WORK REQUIRED.
Repeat the span of the entries below that starts at the line with "この度、東北地方整備局北上川" and ends at the line with "(played by )", nothing more. Skip the pictures.

Start of THE INPUT

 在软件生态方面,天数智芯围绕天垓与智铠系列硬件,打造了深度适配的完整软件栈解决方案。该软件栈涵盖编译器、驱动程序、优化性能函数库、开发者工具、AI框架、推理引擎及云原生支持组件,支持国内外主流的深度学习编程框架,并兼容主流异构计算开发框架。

End of THE INPUT
Start of THE INPUT

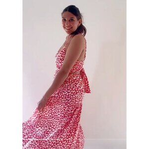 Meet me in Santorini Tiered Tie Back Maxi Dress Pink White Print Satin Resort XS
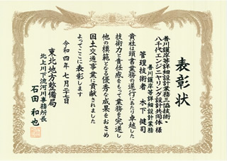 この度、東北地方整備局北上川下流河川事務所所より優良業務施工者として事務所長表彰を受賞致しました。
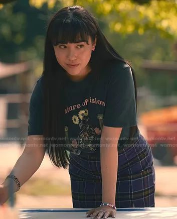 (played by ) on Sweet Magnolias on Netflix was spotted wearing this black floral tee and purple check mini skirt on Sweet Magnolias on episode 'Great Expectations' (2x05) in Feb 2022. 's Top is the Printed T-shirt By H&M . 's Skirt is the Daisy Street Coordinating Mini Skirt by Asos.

End of THE INPUT

OUTPUT FOR THIS TASK.
 この度、東北地方整備局北上川下流河川事務所所より優良業務施工者として事務所長表彰を受賞致しました。
 (played by ) on Sweet Magnolias on Netflix was spotted wearing this black floral tee and purple check mini skirt on Sweet Magnolias on episode 'Great Expectations' (2x05) in Feb 2022. 's Top is the Printed T-shirt By H&M . 's Skirt is the Daisy Street Coordinating Mini Skirt by Asos.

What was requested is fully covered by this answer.